For the present study, we used 10 hypothalami obtained from consecutive brain autopsies in the Academic Medical Center over a period of 12 months. Neuropathology was performed by Dr. D. Troost. Inclusion criteria were: 1) permission for brain autopsy; and 2) the availability of a serum sample taken less than 24 h before death. Exclusion criteria were: 1) known history of thyroid disease; and 2) use of glucocorticoids, dopamine, or dobutamine less than 2 weeks before death. Patients with intracerebral hemorrhage were included only if the hypothalamus was intact on macroscopic examination. The following determinations were performed in serum: T₄ and T₃ by in-house RIA (9), and TSH by ICMA (Behring, Marburg, Germany; detection limit 0.01 mU/L). Clinicopathological data and hormone concentrations are summarized in Table 1. Brains were fixed in 10% formalin at room temperature for 1 month. After dissecting the hypothalamus, tissues were dehydrated in graded ethanol series, cleared in xylene, and embedded in paraffin.

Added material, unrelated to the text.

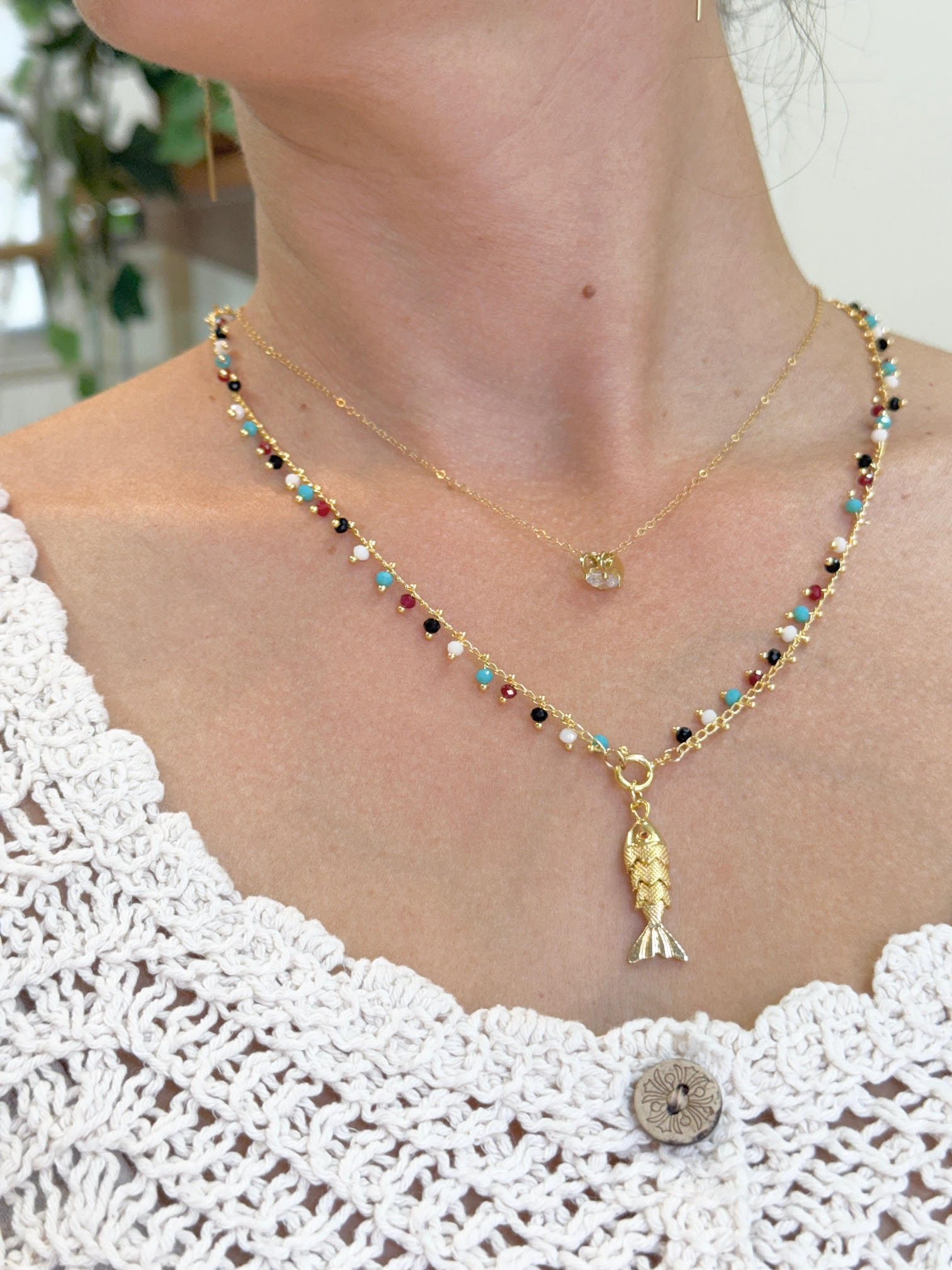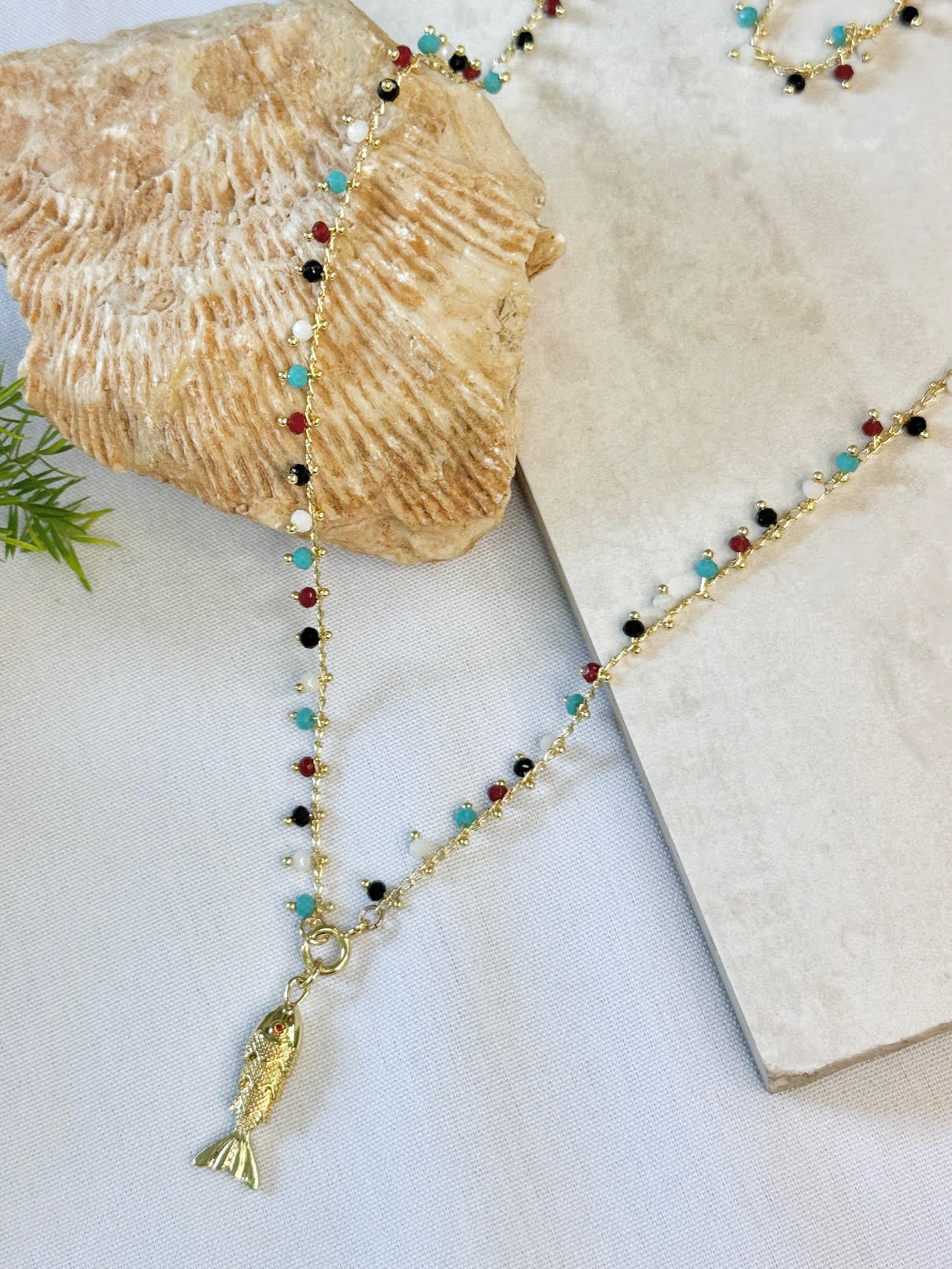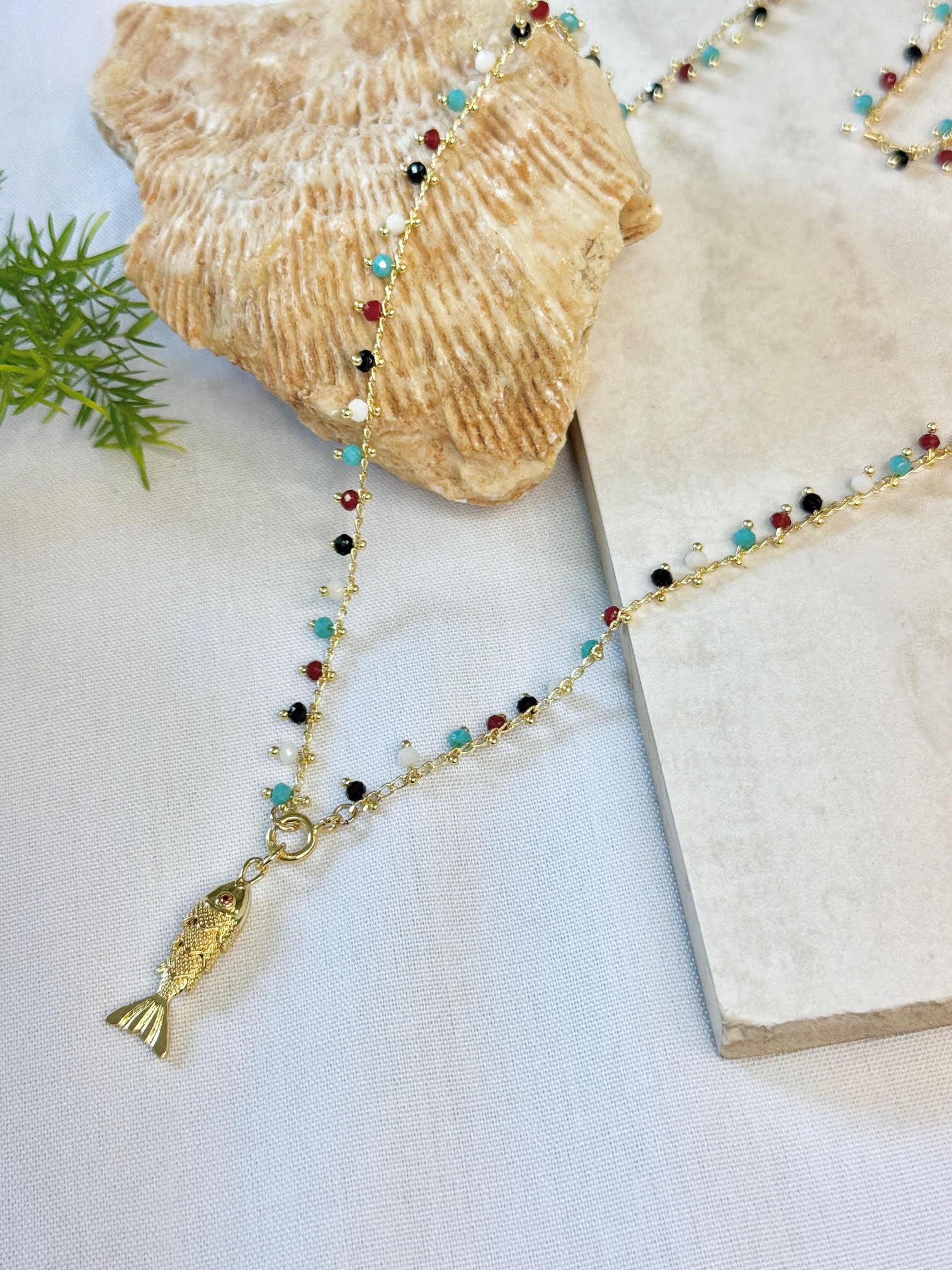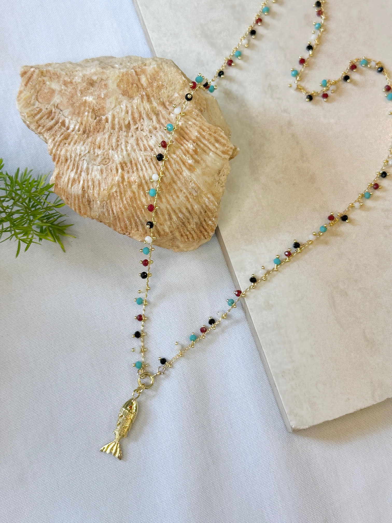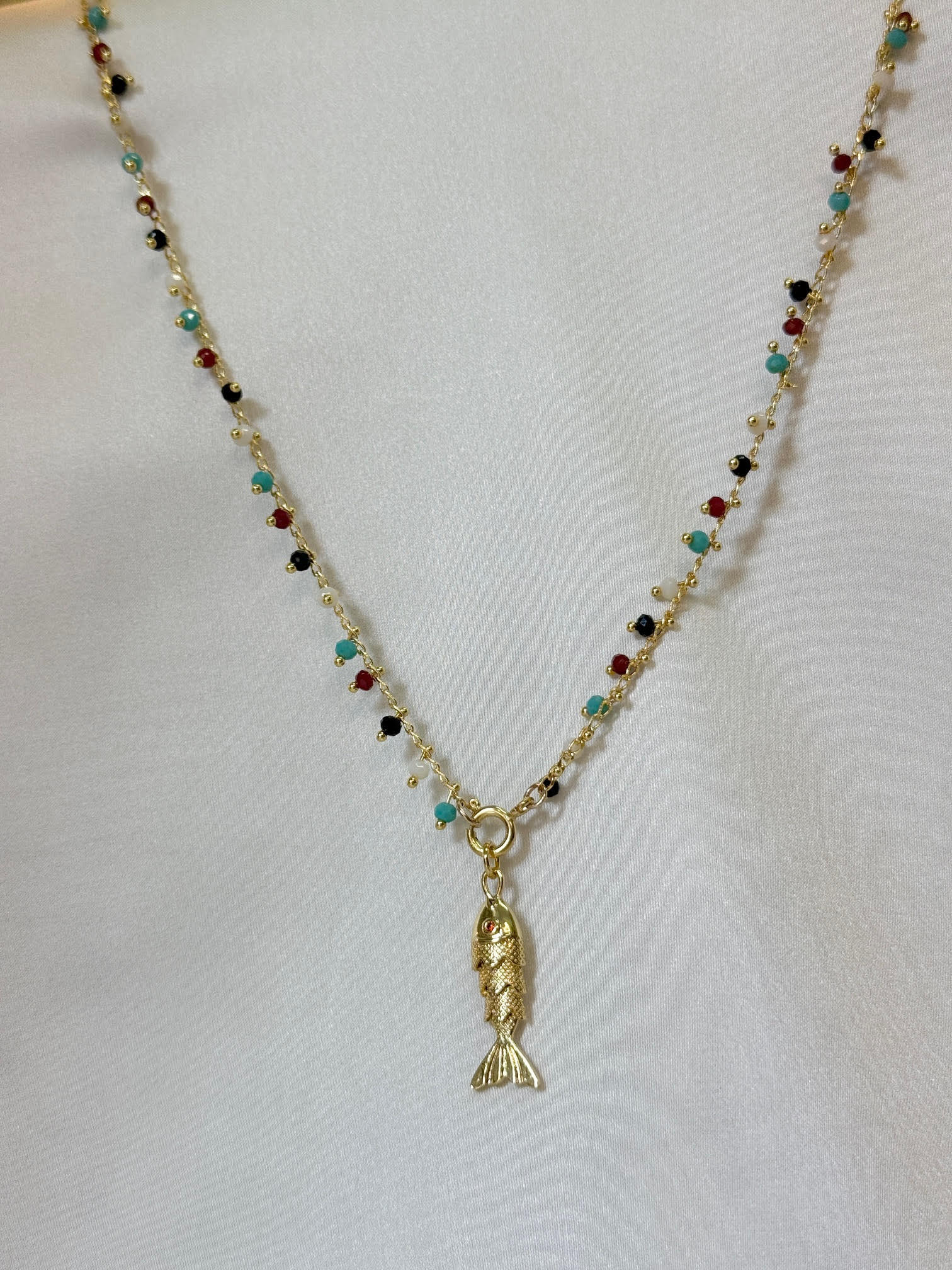 .שרשרת חרוזים צבעוניות בשילוב תליון דג מוזהב מהמם

TRH mRNA in situ hybridization was performed in paraffin sections through the PVN using a systematic, random sampling procedure. Coronal serial sections (6 µm) were made from the level of the lamina terminalis to the mammillary bodies. Every 100th section was collected on chromealum-gelatin-coated slides and stained with thionine for anatomical orientation and identification of the right-sided PVN. Delineation of the PVN was assessed more precisely in all subjects by means of immunohistochemical staining for vasopressin (VP) (10). Identification of the most rostral section to contain VP-positive PVN cells (x) was followed by selection of a random figure between 0 and 99 (y). In each subject, the most rostral section number used for in situ hybridization was {(x + y) - 100}, followed by a series of sections containing the right-sided PVN with a sampling interval of 100 sections, until no VP-immunostained PVN cells were present. This was the most caudal level to be included. Using this systematic, random sampling procedure, we analyzed 12.0 ± 1.8 sections per patient (mean ± SD; range: 9–14).

In situ hybridization

For in situ hybridization, sections were mounted with sterile water on 2% aminoalkylsilane (Sigma, Zwijndrecht, the Netherlands) -coated slides and dried at 38 C. For details, see Ref. 8. We used a [³⁵S]-cytidine 5' triphosphate-labeled TRH complementary DNA (cRNA) antisense probe, complementary to the nucleotide sequences 330–549 of the human TRH mRNA sequence. The TRH cRNA antisense probe was diluted in hybridization buffer (HBF) [0.5 mol/L sodium chloride, 1x Denhardt’s solution, 10 mmol/L Tris (pH 7.6), 1 mmol/L ethylenediaminetetraacetic acid, 10% dextran sulphate, 0.5 mg/mL yeast transfer RNA, 50% formamide, 200 mmol/L dithiothreitol]. Seventy microliters of HBF, containing about 10⁶ dpm ³⁵S-labeled TRH probe (SA 9.5 x 10⁸ dpm/µg), were applied to the sections that were coverslipped, and hybridized overnight in a humidified stove at 66 C. After gently removing the coverslips in 2x SSC (1x SSC is 0.15 mol/L sodium chloride, 0.015 mol/L sodium citrate, pH 7), the sections were washed sequentially for 45 min at 60.5 C in 1x SSC, 0.1x SSC, 0.01x SSC, and finally in 0.001x SSC for 3 h at 60 C. Subsequently, the sections were dehydrated in 300 mmol/L ammonium acetate (pH 5.5)/absolute ethanol at volume ratios of 1:1, 3:7, 1:9, and 0:1, respectively, and dried in a stream of cool air. The sections were apposed directly to autoradiography film (Hyperfilm-ßmax, Amersham, Buckinghamshire, U.K.). Films were exposed for 7 h, developed in Kodak (Integra, Biosciences, Switzerland) D-19 at 20 C for 2 min, and fixed in Kodak (Integra, Biosciences, Switzerland) Maxfix for 8 min.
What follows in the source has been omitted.